DataSet: https://github.com/kusamdinesh/Big-Data-and-Hadoop/blob/master/ICP7_Module2/Source%20Code/ICP7/datasets/dataset_diabetes/diabetic_data.csv

Recommendations:

features taken into consideration: to identify diabetes, from the record available, I think below are the right set of features that we can use to train the model.

  • admission_type_id
  • discharge_disposition_id
  • admission_source_id
  • time_in_hospital
  • num_lab_procedures
  • Attempted with K value as 3: Cluster Centers: [ 1.88976688 3.66805625 5.01553426 4.01750456 40.90851585] [ 1.85876347 3.79571305 6.22673672 5.57739499 64.11690599] [ 2.62279958 3.69630479 6.74213335 3.33256869 13.24001396]
  • Attempted with K value as 2: Cluster Centers: [ 2.28821023 3.58880208 5.55565814 3.50350379 24.50454545] [ 1.83652522 3.80564795 5.89549105 5.02929812 56.2879918 ]

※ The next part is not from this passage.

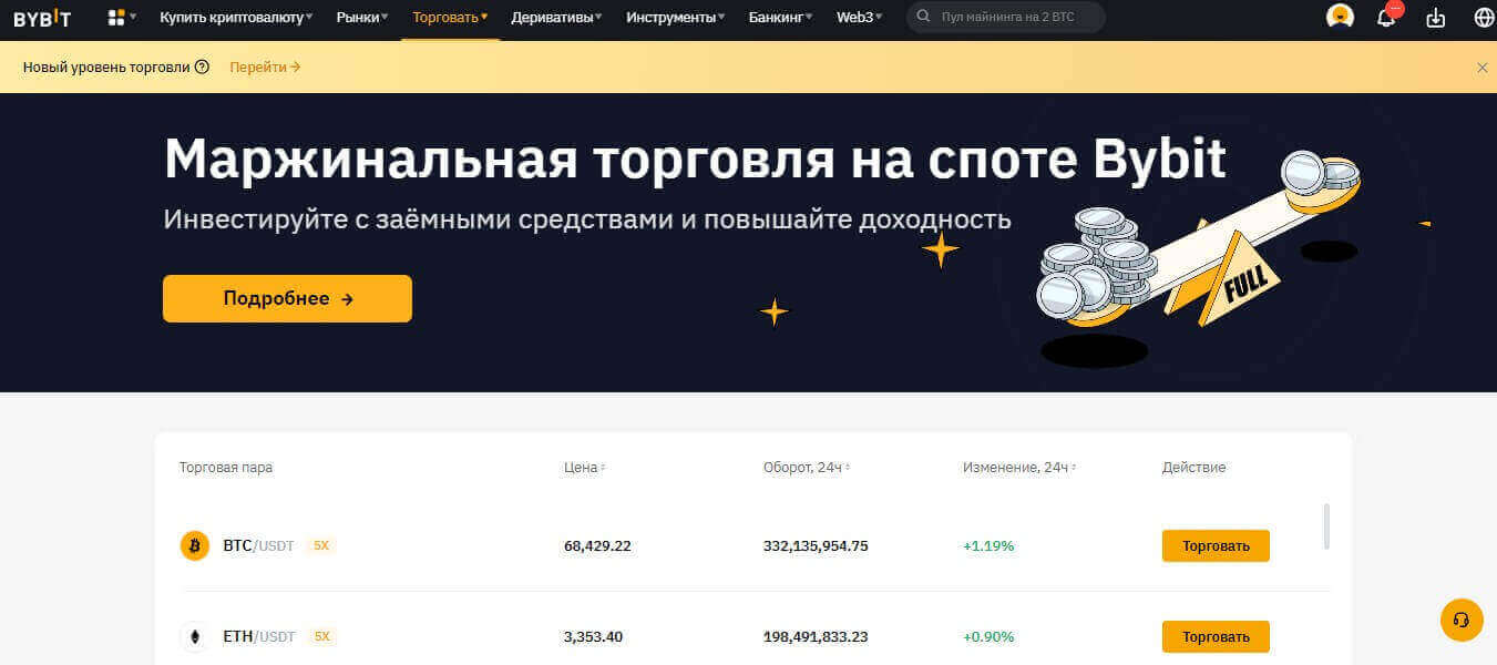 Торговля с кредитным плечом на криптовалютных биржах – простое, но весьма рискованное занятие, которое может нести как большие прибыли, так и убытки. Первым шагом в торговле – выбор криптовалютной биржи, которая предоставит вам эту услугу. Список криптовалютных бирж можно найти в нашем рейтинге по ссылке. Предлагаем вам пошаговую инструкцию того, как начать торговать на фьючерсном рынке с таким инструментом на Байбит (ByBit) в качестве примера.

when k means is 2 we have centers as distinguishable. its not the case when K = 3. so K=2 seems to be ideal for the data provided.

k-means clustering

  • k-means clustering is a method of vector quantification, originally from signal processing, that is popular for cluster analysis in data mining.
  • k-means clustering aims to partition n observations into k clusters in which each observation belongs to the cluster with the nearest mean, serving as a prototype of the cluster. This results in a partitioning of the data space into Voronoi cells.
  • k-Means minimizes within-cluster variances (squared Euclidean distances), but not regular Euclidean distances, which would be the more difficult Weber problem: the mean optimizes squared errors, whereas only the geometric median minimizes Euclidean distances.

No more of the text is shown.